Das Imperium schlägt zurück: Nach einem Halbjahr zum Vergessen, in dem die Google-Aktie zeitweise schon um 20 Prozent hinten lag, hat der wertvollste Internetkonzern der Welt in den vergangenen Wochen nun alle Kursverluste wieder aufgeholt.

Das liegt nicht zuletzt am massiven Kurssprung, den die Google-Aktie nachbörslich vollführte. Um nicht weniger als 67 Dollar oder knapp 13 Prozent zog das an der Technologiebörse Nasdaq geführte Papier im nachbörslichen Handel an – ein selbst für den einstigen Börsenliebling außergewöhnlicher Kurssprung.

Auslöser waren die direkt nach Handelsschluss veröffentlichten Geschäftszahlen für das abgelaufene zweite Quartal: Google, das als einer der wenigen US-Konzerne keine Prognose für die kommenden Quartalentwicklung abgibt, konnte die Analystenschätzungen weit übertreffen.

Explodierende Barreserven: 39 Milliarden Dollar auf der Bank

So hatten die Volkswirte durchschnittlich noch mit Umsätzen von 8,59 Milliarden Dollar gerechnet – Google lieferte aber 9,03 Milliarden und durchbrach damit die nächste Milliardengrenze, ein Plus von 32 Prozent. Die Gewinne zogen sogar um 36 Prozent auf 2,51 Milliarden an, das entsprach einem Gewinn je Aktie von 7,68 Dollar nach 5,71 Dollar je Anteilsschein im Vorjahreszeitraum. Die Gewinnschätzungen der Analysten wurden damit um fast 1 Dollar pulverisiert!

Der Löwenanteil der Erlöse (69 Prozent) kamen durch Google-eigene Seiten zustande, 28 Prozent der Erlöse wurden über Partnerseiten durch das Adsense-Programm erzielt. Das internationale Geschäft wächst weiter und ist mit 54 Prozent längst für den Großteil der Umsätze verantwortlich. Ebenfalls beachtlich: Googles Barreserven sind per 30. Juni auf üppige 39 Milliarden Dollar angeschwollen.

"Wir sind extrem begeistert, wie Google+ aufgenommen wurde"

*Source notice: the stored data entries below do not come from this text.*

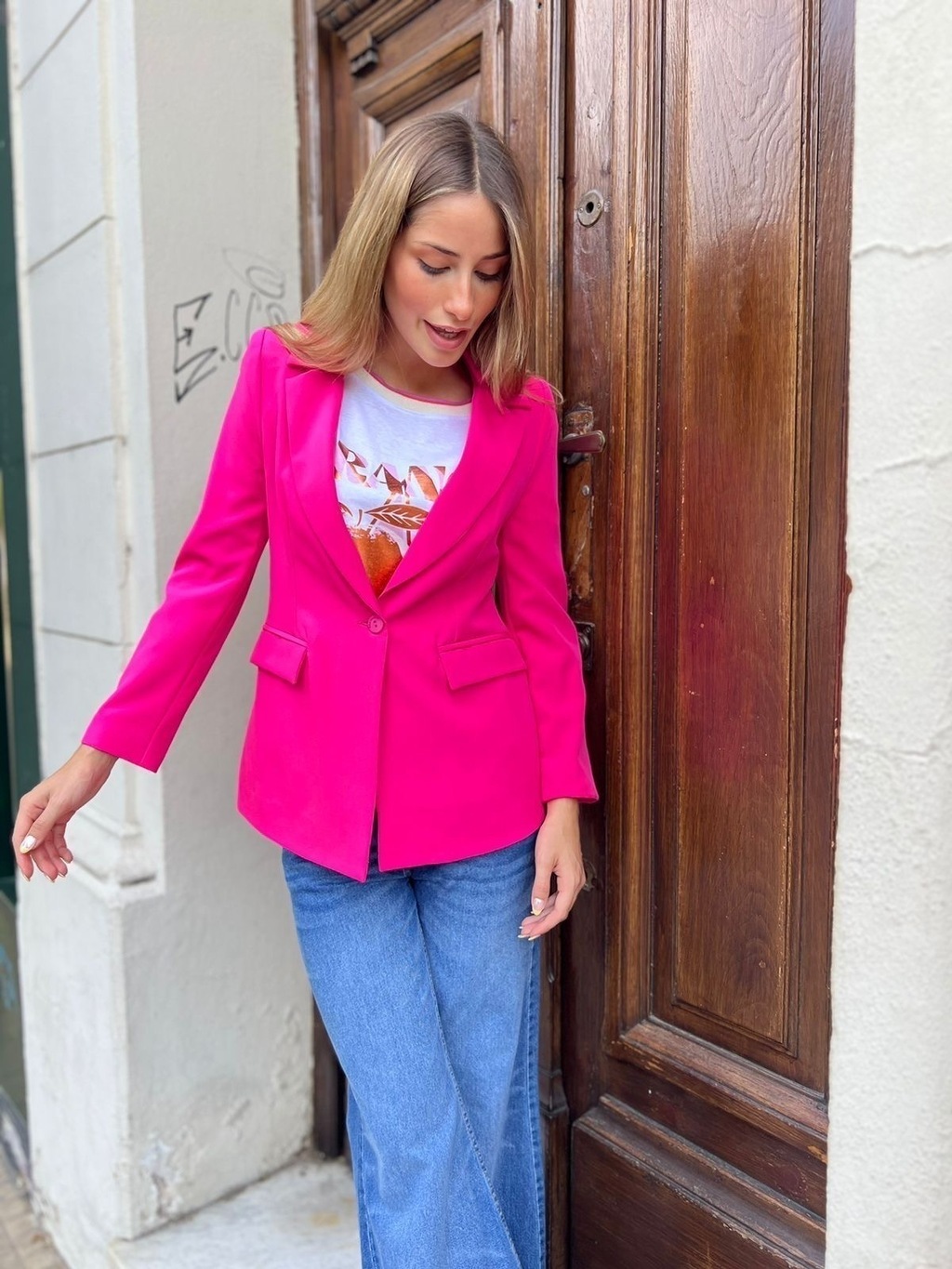 Este blazer está confeccionado en un tejido de sastrería fluida combinado con spandex, ofreciendo una apariencia elegante y cómoda.
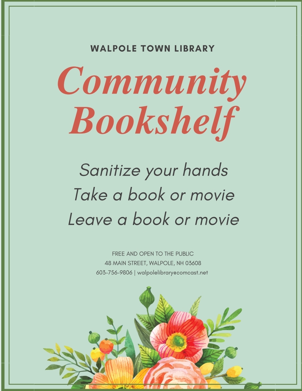 The library may be closed until May 4 but you can still get a book. The Community Bookshelf will be right outside the library door. Sanitize your hands then take a book or movie and leave a book or movie. We’re all in this together!
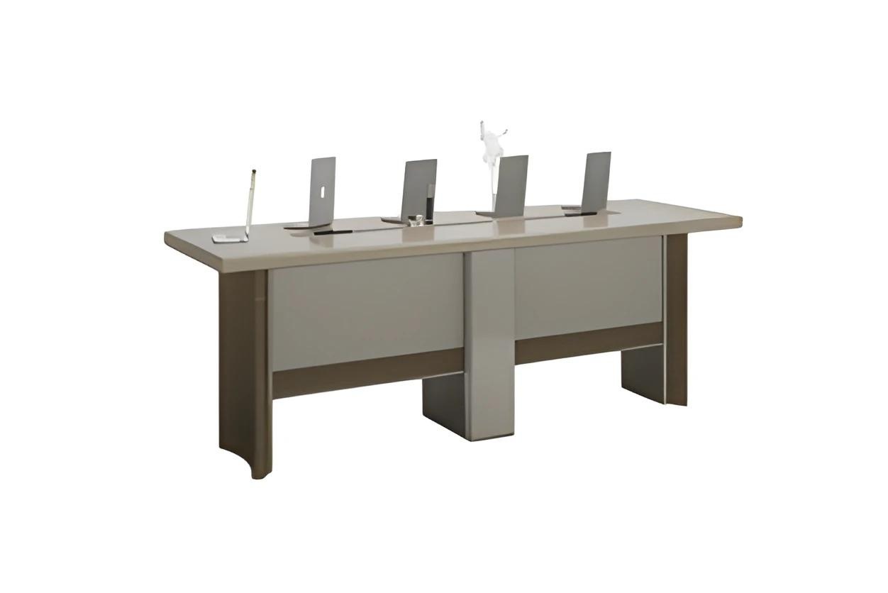 Moderni vaaleanharmaa kokouspöytä on huipputason designkappale, joka yhdistää tyylin ja käytännöllisyyden. Sen elegantti vaaleanharmaa sävy luo rauhallisen ilmapiirin, täydellisen keskeiseksi elementiksi moderniin työtilaan tai kodin oleskelutilaan. Valmistettu laadukkaista materiaaleista, tämä pöytä on suunniteltu kestämään aikaa ja päivittäistä käyttöä, samalla kun se säilyttää ensiluokkaisen ilmeensä. Sen minimalistinen muotoilu ja huolellisesti harkitut yksityiskohdat heijastavat korkeaa esteettisyyttä, tarjoten täydellisen taustan tärkeille keskusteluille ja luovalle ajattelulle. Tämä kokouspöytä on enemmän kuin pelkkä huonekalu; se on investointi, joka nostaa tilasi arvokkuutta ja korostaa eksklusiivista elämäntyyliäsi.
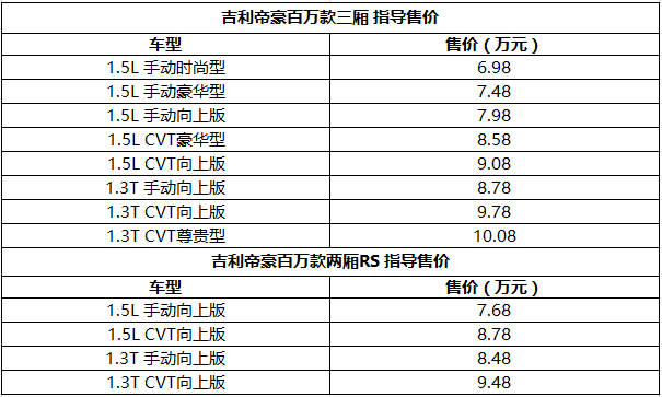 日前,吉利汽车官方宣布,吉利帝豪百万款(包括三厢和两厢RS)正式上市,售价区间为6.98-10.08万元。新车基于2016款帝豪车型打造,采用了经过重新设计的外观和内饰造型,并对配置进行了升级。详细售价请见下表:

In einem äußert selbstbewussten Auftritt im Conference Call überzeugte Larry Page zudem Skeptiker, die dem Gründer nicht die Rolle des CEOs zugetraut hatten. „Erwachsenenaufsicht nicht mehr nötig“: So hatte der frühere Vorstandschef Eric Schmidt im März noch seinen Führungswechsel kommentiert – und tatsächlich: Page performte.

In einer minutenlangen einführenden Rede bezog der 38-Jährige Stellung zur Zukunft des Online-Pioniers. Ganz vorne dabei: Die Rolle des frisch gelaunchten Social Networks Google+. „Wir sind extrem begeistert, wie Google+ aufgenommen wurde, es lässt Dinge teilen wie im wirklichen Leben“, gab Page Medien- und Bankvertretern mit auf den Weg. In dem Produkt stecke jede Menge „Zauberei“.

Die 10 Millionen-Nutzer-Marke, die in den vergangenen Tagen schon kursierte, bestätigte Page offiziell und nannte eine weitere interessante Kennzahl: 1 Milliarde Dinge würden am Tag bereits über Google+ geteilt – bei Facebook sind es mit einer 70-fach größeren Nutzertschaft nur 4 Milliarden. Ganz Nerd der alten Schule, ließ es sich Page dann auch nicht nehmen, das Redetranskript des Conference Calls der Öffentlichkeit zeitnah bereit zu stellen – passenderweise gleich auf seinem Google+ Profil.